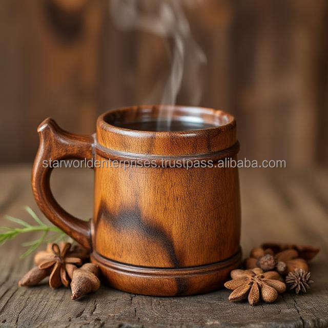 แก้วมักทำด้วยมือไม้อะคาเซียดีไซน์เป็นเอกลักษณ์สำหรับโต๊ะในครัวราคาปริมาณมากสำหรับดื่มกาแฟและน้ำ
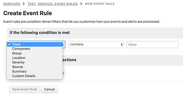 Event RuleはService Detailsの画面にEvent Rulesというタブがあり、そこで設定できます。もしEvent Rulesタブがない場合は、Service設定のIncident BehaviorがCreate incidentsに設定されています。Create alerts and incidentsに変更するとEvent Rulesを使うことができるようになります。
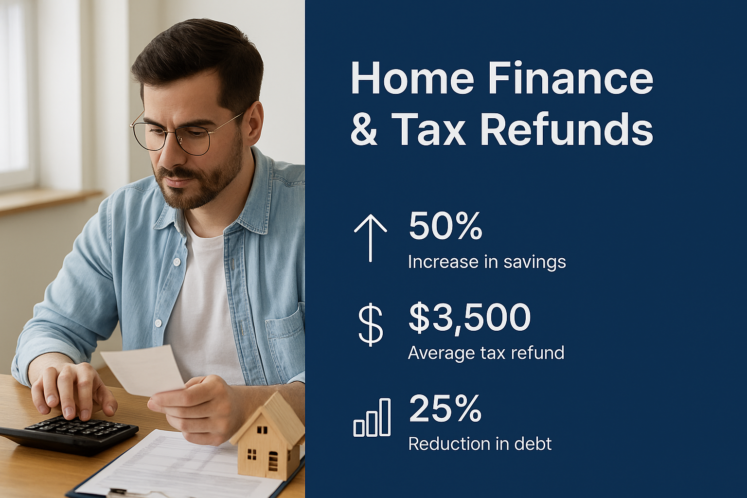 Informative infographic focusing on home finance and tax refunds, featuring key statistics in a modern design suitable for financial advice platforms.
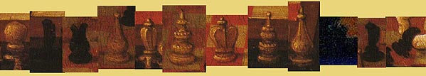 The game in the foreground turns out to be no mere prop, but an instructive presentation of the game itself. Studying the picture carefully, we see that each piece is deliberately represented, some more than once, and some at various angles. After analyzing the position and the identities of the pieces, and comparing the various renditions of each piece, we have selected a representative of each one, imagined it as a whole piece, defined what its form and measurements must have been – and finally reconstructed it as faithfully as possible. The result is a chess set so true to the painting that one can imagine the painting was made from these very pieces. One can step right into the painting and play the game. The pieces in the painting:sketches defining the forms:
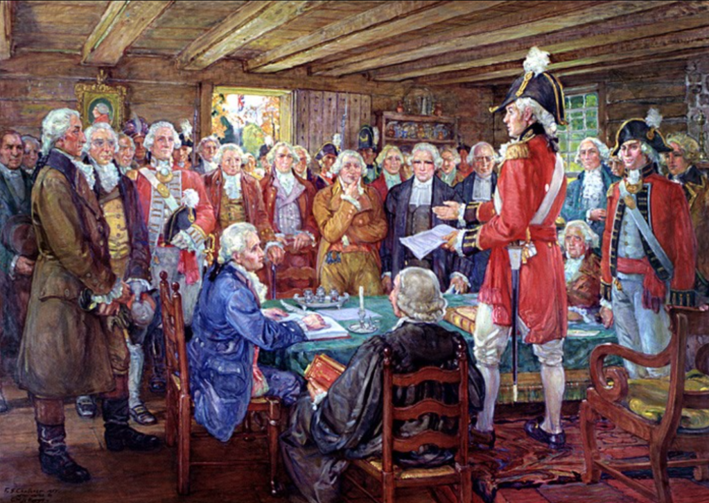 The officers – civil and military – merchants, traders and settlers, had gathered in crowds about the house on the river band, which was to receive the new parliament. Great numbers of the men had donned their old uniforms of the Rangers and other loyal corps in honour of the occasion. All were in their best holiday attire. The men in the fashion of the times – in long coats, vests, and knee breeches with long stockings or gaiters and boots, their hair in queues, surmounted by three-cornered hats, a fashion suited to brave men. The women’s dresses high-waisted, with tight sleeves, and bunched up behind over elaborate petticoats. Handsome women made any dress handsome.
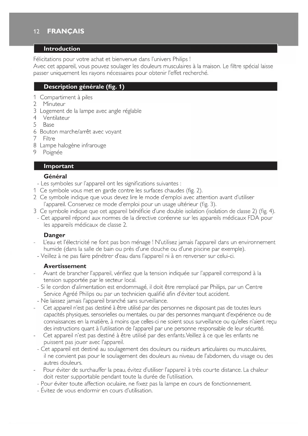 Réglez l’orientation des rayons infrarouges en inclinant la lampe vers l’avant ou vers l’arrière (g. 10). 4 Asseyez-vous ou allongez-vous à une distance correcte de l’appareil. - À une distance de 30-40 cm du corps, l’appareil chauffe une zone d’environ 40 cm sur 30 cm (l x H). À une distance plus élevée, la zone chauffée est plus large, mais l’intensité des rayons infrarouges et de la chaleur diminue. À une distance moindre, la zone chauffée est plus petite, mais l’intensité des rayons infrarouges et de la chaleur augmente. - Assurez-vous que la distance séparant votre corps de l’appareil est sufsamment grande pour éviter tout contact accidentel avec le ltre, qui devient très chaud. - Placez l’appareil à une distance à laquelle la sensation de chaleur reste confortable. FRANÇAIS14Remarque : La chaleur dégagée par la lampe atteint son intensité maximale quelques minutes après la mise en marche. L’appareil produit néanmoins ses effets dès les premières minutes de fonctionnement. Durée d’utilisation La durée d’utilisation varie en fonction de la personne et du type d’application. Il est recommandé d’effectuer plusieurs courtes séances par jour (2 séances de 15 minutes par ex.), pendant plusieurs jours, pour obtenir des résultats. En cas de doute, consultez toujours votre médecin. Utilisation du système à chaleur infrarouge 1 Insérez la che dans la prise secteur. 2 Mettez l’appareil en marche en appuyant sur le bouton marche/arrêt. Le voyant d’alimentation vert s’allume (g. 11). 3 Dénissez la durée d’utilisation souhaitée (0-99 minutes) en appuyant sur le bouton du minuteur. Maintenez le bouton enfoncé pour effectuer le réglage plus rapidement. La durée dénie apparaît sur l’afcheur. , Deux secondes après avoir relâché le bouton du minuteur, ce dernier commence un compte à rebours en minutes. La dernière minute s’afche en secondes. Lors du compte à rebours, la durée restante clignote sur l’afcheur. , À la n de la durée dénie, un signal sonore est émis et 00 clignote sur l’afcheur. - Appuyez sur le bouton du minuteur pour arrêter le signal sonore. - Si vous n’appuyez pas sur le bouton du minuteur, le signal sonore s’arrête automatiquement au bout de 45 secondes. , Pour modier la durée dénie en cours d’utilisation, maintenez enfoncé le bouton du minuteur pendant deux secondes jusqu’à ce que 00 apparaisse sur l’afcheur. Ensuite, utilisez le bouton du minuteur pour dénir une nouvelle durée d’utilisation. Remarque : Le minuteur n’éteint pas l’appareil. Il indique uniquement la n de la durée dénie. Nettoyage Débranchez l’appareil et laissez-le refroidir pendant environ 15 minutes avant de le nettoyer. N’utilisez jamais de produits abrasifs tels que détergents à récurer, essence ou acétone pour nettoyer l’appareil. 1 Nettoyez le logement de la lampe et le socle à l’aide d’un chiffon humide. Veillez à ne pas faire pénétrer d’eau dans l’appareil. 2 Nettoyez l’extérieur du ltre à l’aide d’un chiffon doux humecté d’alcool dénaturé. Rangement Évitez tout contact entre le cordon d’alimentation et le ltre lorsqu’il est chaud. 1 Débranchez l’appareil et laissez-le refroidir pendant environ 15 minutes avant de le ranger. - Tenez toujours l’appareil par sa poignée pour le soulever ou le transporter (g. 12). 2 Rangez l’appareil dans un endroit sec. FRANÇAIS 15Remplacement Filtre Le ltre vous protège contre les rayons nocifs. Si le ltre est endommagé ou cassé, cessez d’utiliser l’appareil. Pour plus d’informations, contactez le Service Consommateurs Philips. Remarque : Si le ltre est cassé ou endommagé au cours de la période de garantie, contactez le Service Consommateurs pour remplacer l’appareil. Lampe L’efcacité de la lampe ne diminue pas au l du temps. Si la lampe ne fonctionne plus, n’essayez pas de la remplacer. Pour plus d’informations, contactez le Service Consommateurs Philips. Remarque : Si la lampe ne fonctionne plus au cours de la période de garantie, n’essayez pas de la remplacer, mais contactez le Service Consommateurs pour remplacer l’appareil. Batterie Le compartiment à piles du minuteur se trouve dans le renfoncement à l’arrière de l’appareil. 1 Retirez le cache du compartiment à pile en la faisant tourner vers la gauche à l’aide d’un tournevis. 2 Insérez une nouvelle pile en veillant à respecter la polarité de la nouvelle pile. Remarque : Nous vous recommandons d’utiliser une pile bouton alcaline de 1,5 V, de type LR54. 3 Pour fermer le compartiment à pile, replacez le cache et faites le tourner vers la droite à l’aide d’un tournevis. Recyclage Lorsqu’il ne fonctionnera plus, ne jetez pas l’appareil avec les ordures ménagères, mais déposez-le à un endroit assigné à cet effet, où il pourra être recyclé. Vous contribuerez ainsi à la protection de l’environnement. Garantie et assistance Si vous avez besoin d’une assistance ou d’informations supplémentaires, consultez le site Web www.philips.com/support ou lisez le dépliant séparé sur la garantie internationale. Dépannage Si l’appareil ne fonctionne pas (correctement), consultez d’abord la liste ci-dessous. Si le problème rencontré ne gure pas dans la liste, l’appareil est probablement défectueux. Dans ce cas, contactez le Service Consommateurs Philips. Problème Cause Solution Impossible de mettre l’appareil en marche. La che n’a pas été correctement insérée dans la prise secteur. Insérez correctement la che dans la prise secteur. Il y a peut être une panne de courant. Vériez si l’alimentation électrique fonctionne en branchant un autre appareil. La lampe est peut-être défectueuse. Contactez le Service Consommateurs Philips. FRANÇAIS16Problème Cause Solution Le cordon d’alimentation de l’appareil est peut-être endommagé. Vériez le cordon d’alimentation. S’il e

> _ACTIVITY_:
Starting at the first line of the records above, set down each line exactly through the one that holds "Informative infographic focusing". Omit pictures.

> _TASK OUTPUT_:
 แก้วมักทำด้วยมือไม้อะคาเซียดีไซน์เป็นเอกลักษณ์สำหรับโต๊ะในครัวราคาปริมาณมากสำหรับดื่มกาแฟและน้ำ
 Event RuleはService Detailsの画面にEvent Rulesというタブがあり、そこで設定できます。もしEvent Rulesタブがない場合は、Service設定のIncident BehaviorがCreate incidentsに設定されています。Create alerts and incidentsに変更するとEvent Rulesを使うことができるようになります。
 Informative infographic focusing on home finance and tax refunds, featuring key statistics in a modern design suitable for financial advice platforms.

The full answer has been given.